Data under study Start Marker
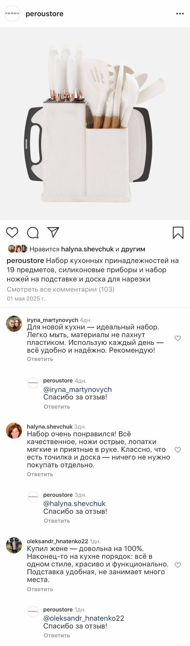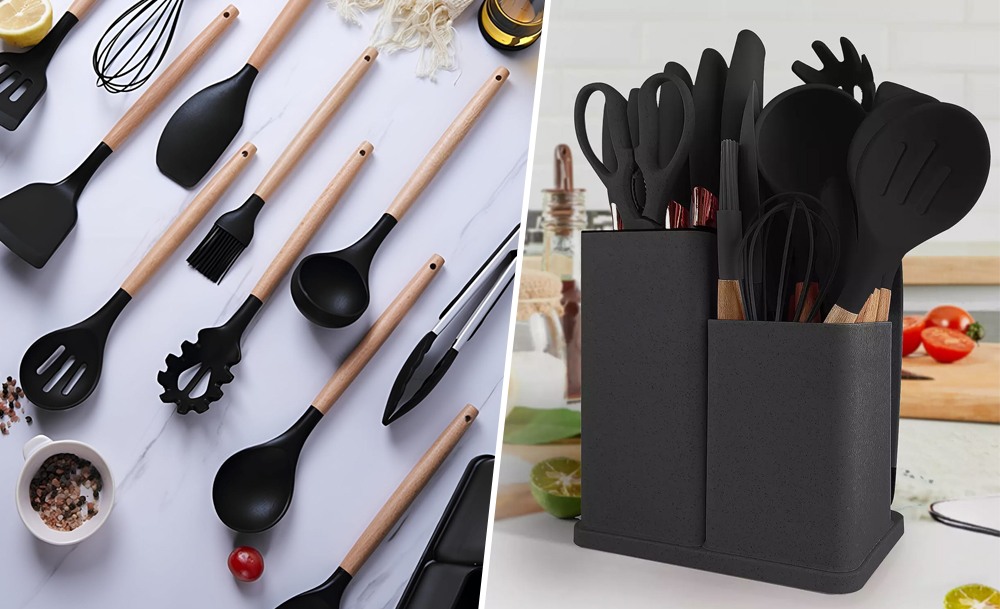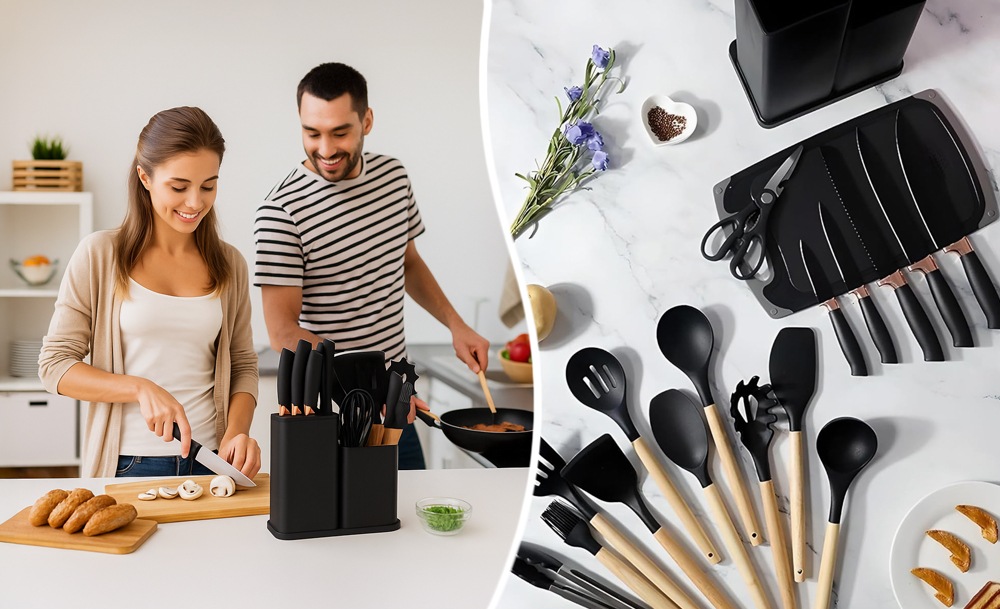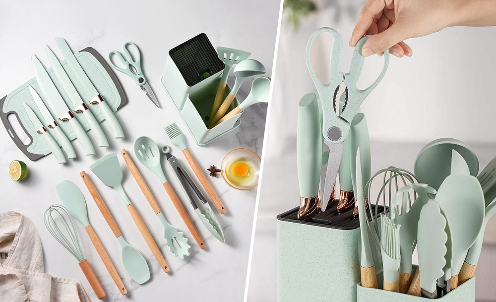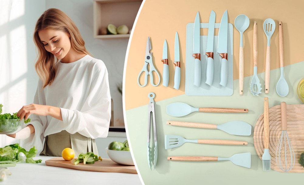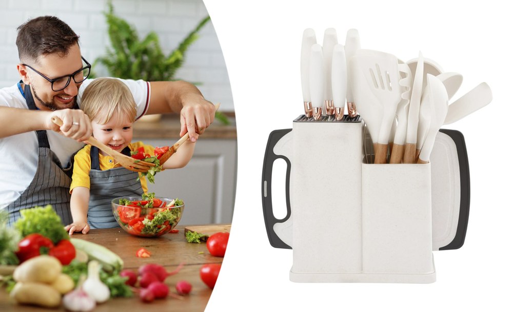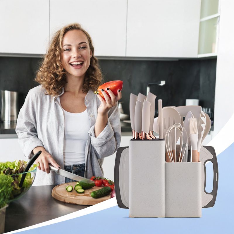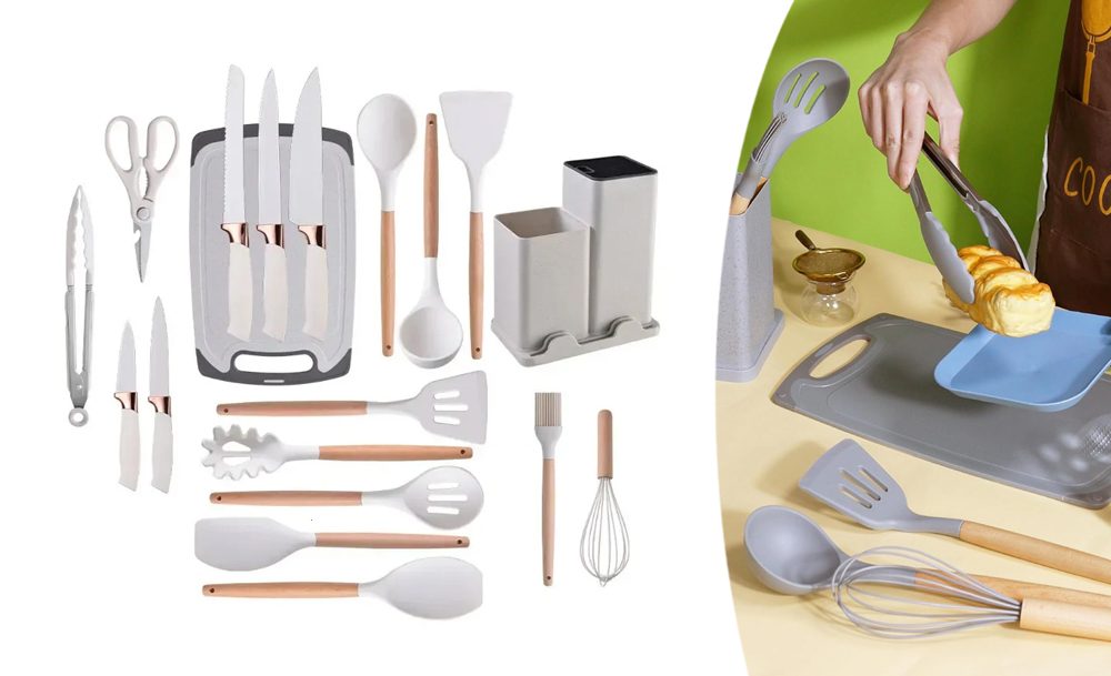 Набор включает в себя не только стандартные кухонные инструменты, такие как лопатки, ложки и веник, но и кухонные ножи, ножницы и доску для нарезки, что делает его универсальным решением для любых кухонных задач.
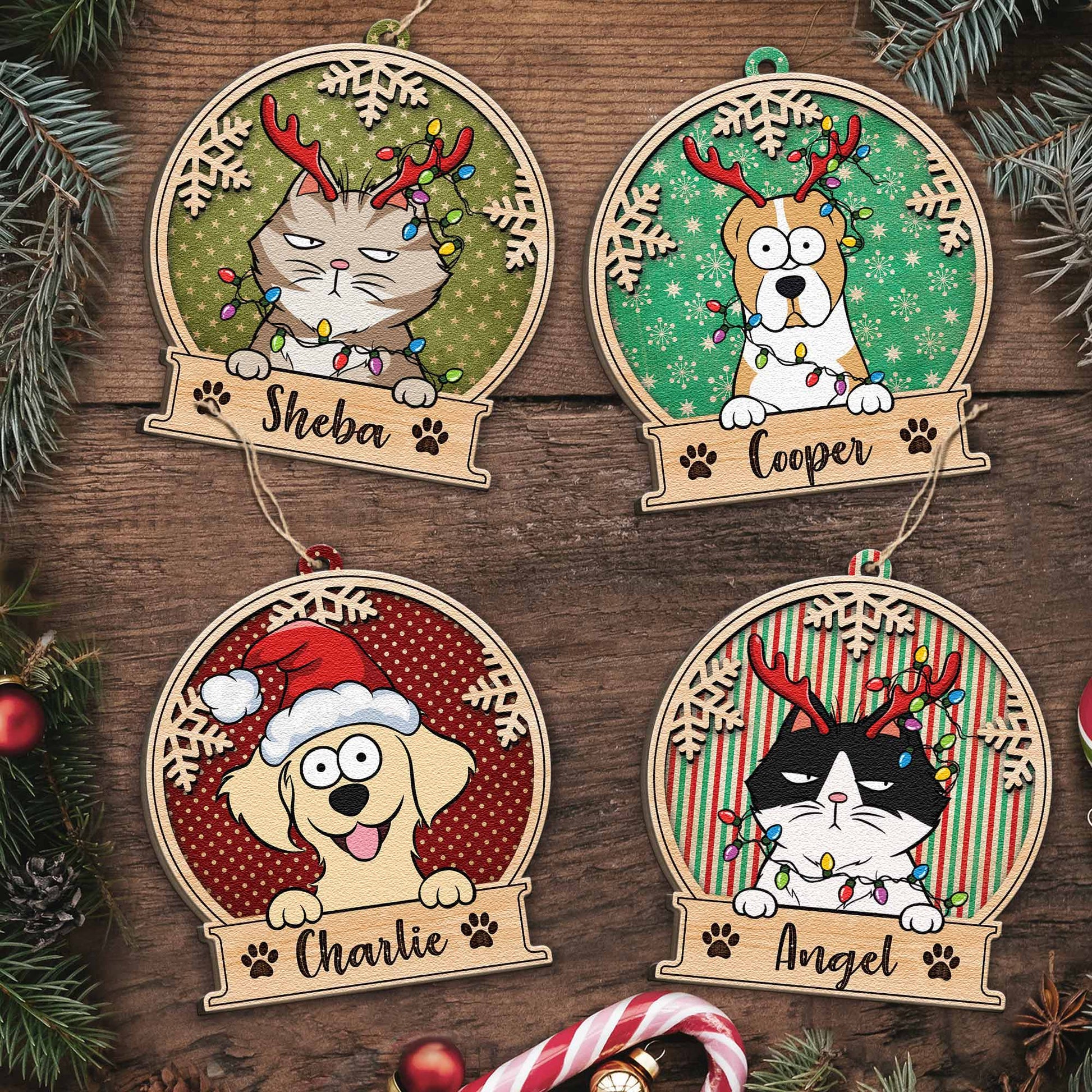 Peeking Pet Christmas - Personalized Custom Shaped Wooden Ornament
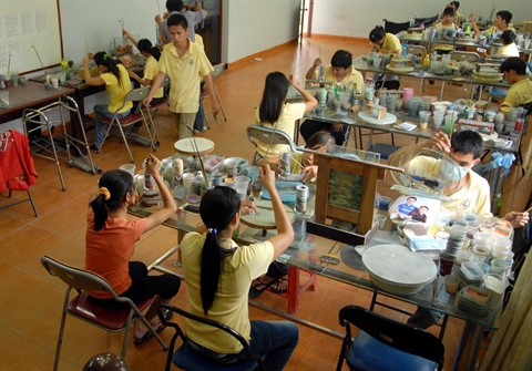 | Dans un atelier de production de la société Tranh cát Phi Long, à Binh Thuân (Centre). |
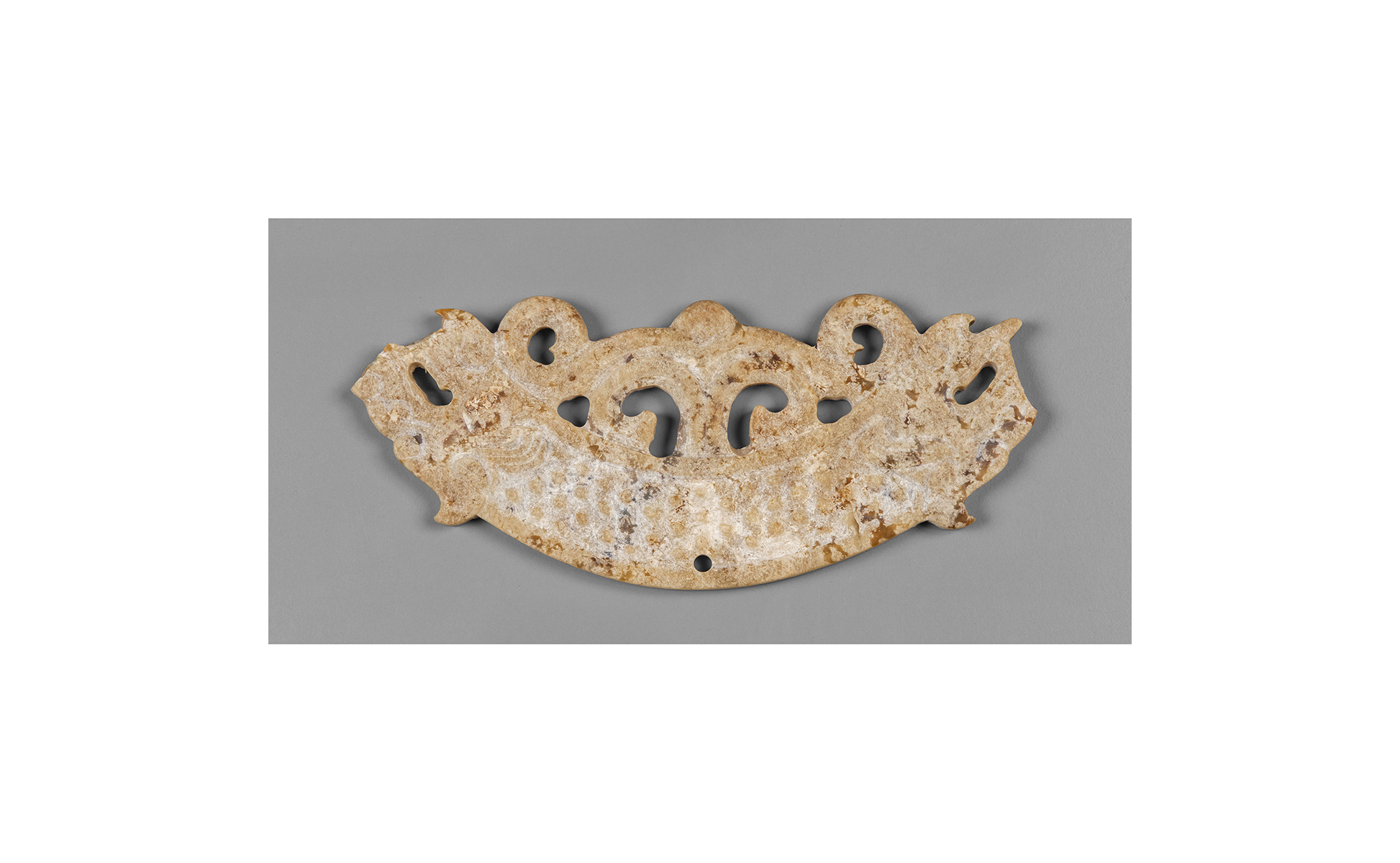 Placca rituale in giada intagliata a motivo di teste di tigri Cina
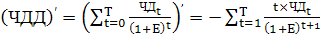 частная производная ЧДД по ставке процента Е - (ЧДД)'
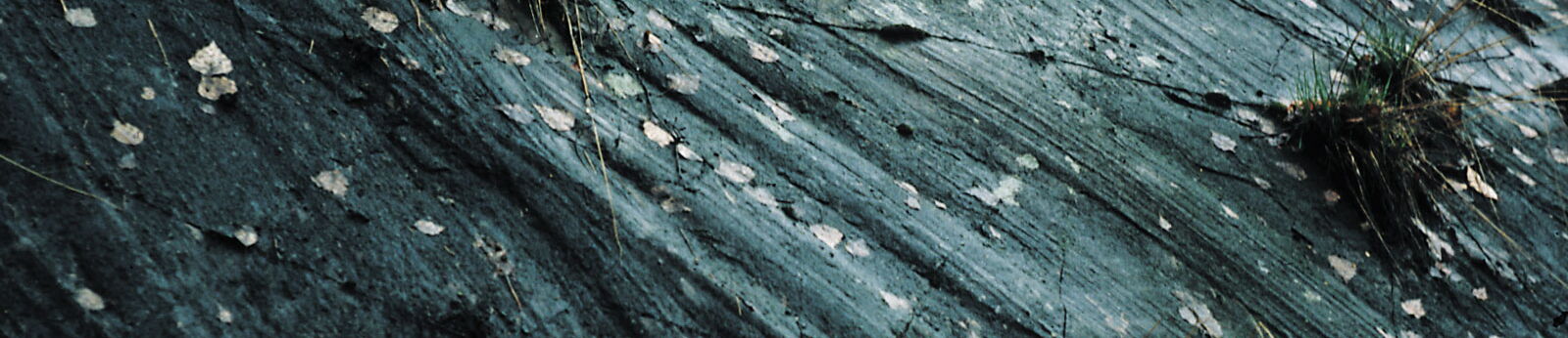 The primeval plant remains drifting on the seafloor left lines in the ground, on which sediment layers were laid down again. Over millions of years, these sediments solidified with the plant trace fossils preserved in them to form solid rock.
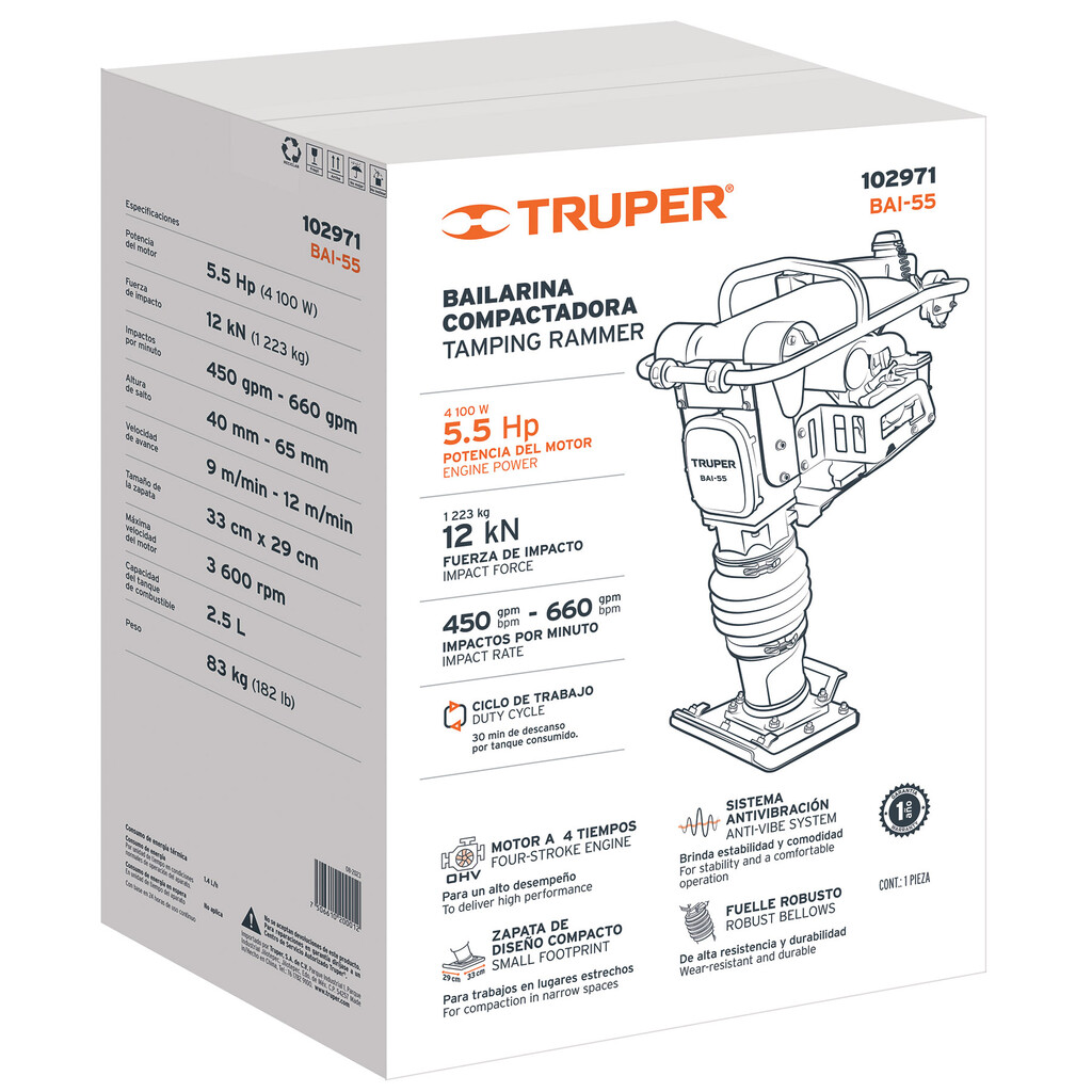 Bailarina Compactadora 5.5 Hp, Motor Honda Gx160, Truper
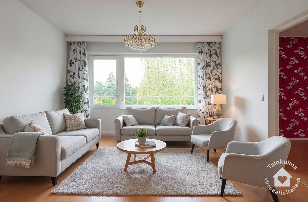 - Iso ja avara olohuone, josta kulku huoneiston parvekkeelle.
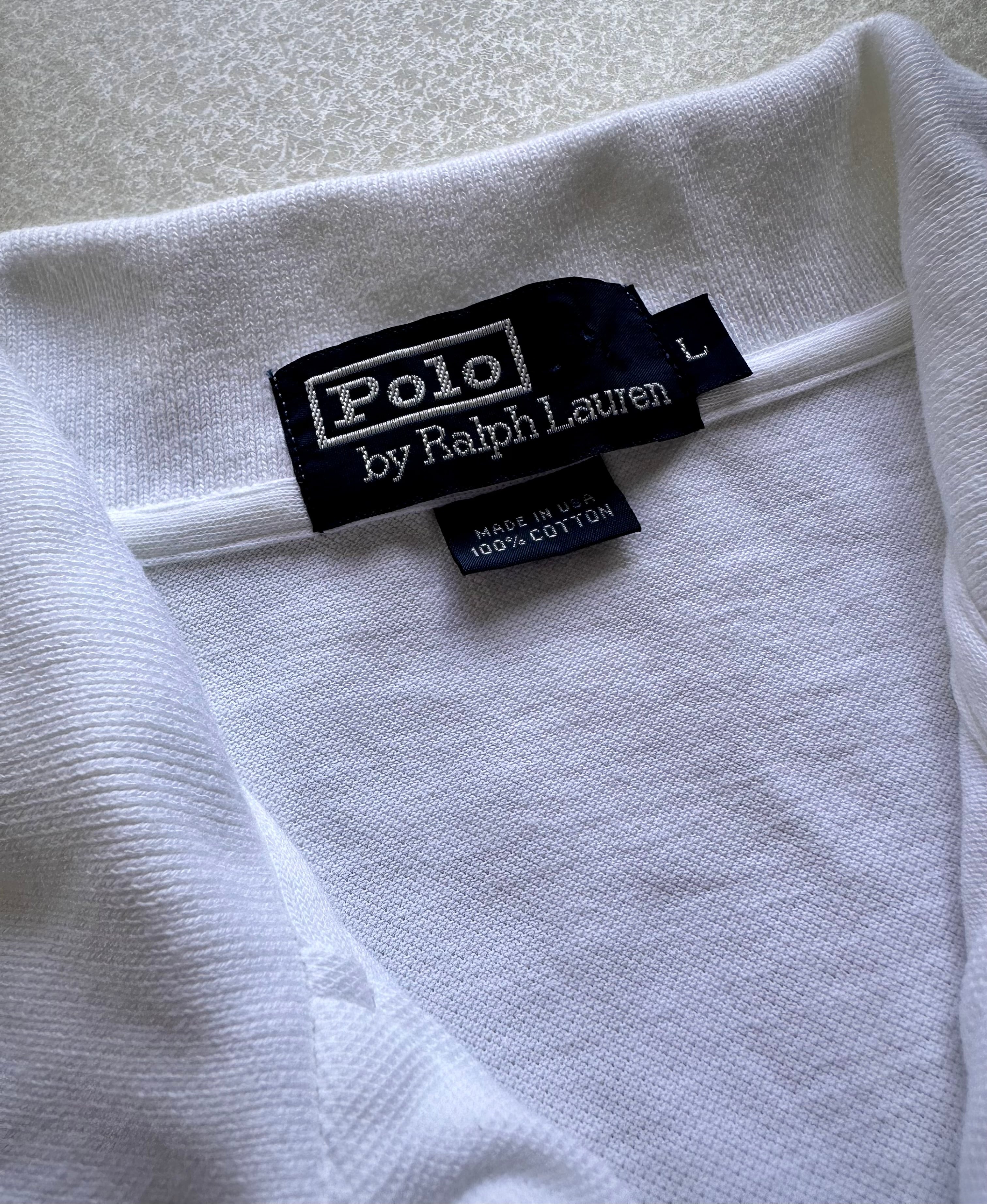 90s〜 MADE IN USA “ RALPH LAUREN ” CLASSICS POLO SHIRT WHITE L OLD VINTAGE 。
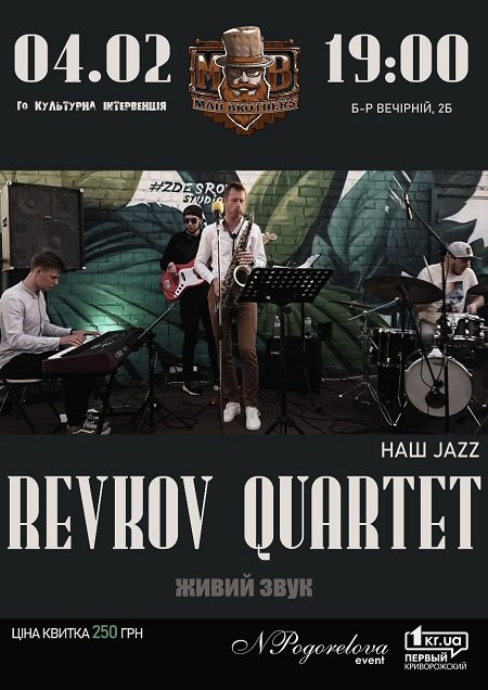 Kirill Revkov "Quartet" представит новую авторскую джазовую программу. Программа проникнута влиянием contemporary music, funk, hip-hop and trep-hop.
Data under study End Marker
Each line from the one holding "Bailarina Compactadora 5.5" through the final line of the data needs to be transcribed exactly. Include both ends, skip the pictures, and add nothing.

 Bailarina Compactadora 5.5 Hp, Motor Honda Gx160, Truper
 - Iso ja avara olohuone, josta kulku huoneiston parvekkeelle.
 90s〜 MADE IN USA “ RALPH LAUREN ” CLASSICS POLO SHIRT WHITE L OLD VINTAGE 。
 Kirill Revkov "Quartet" представит новую авторскую джазовую программу. Программа проникнута влиянием contemporary music, funk, hip-hop and trep-hop.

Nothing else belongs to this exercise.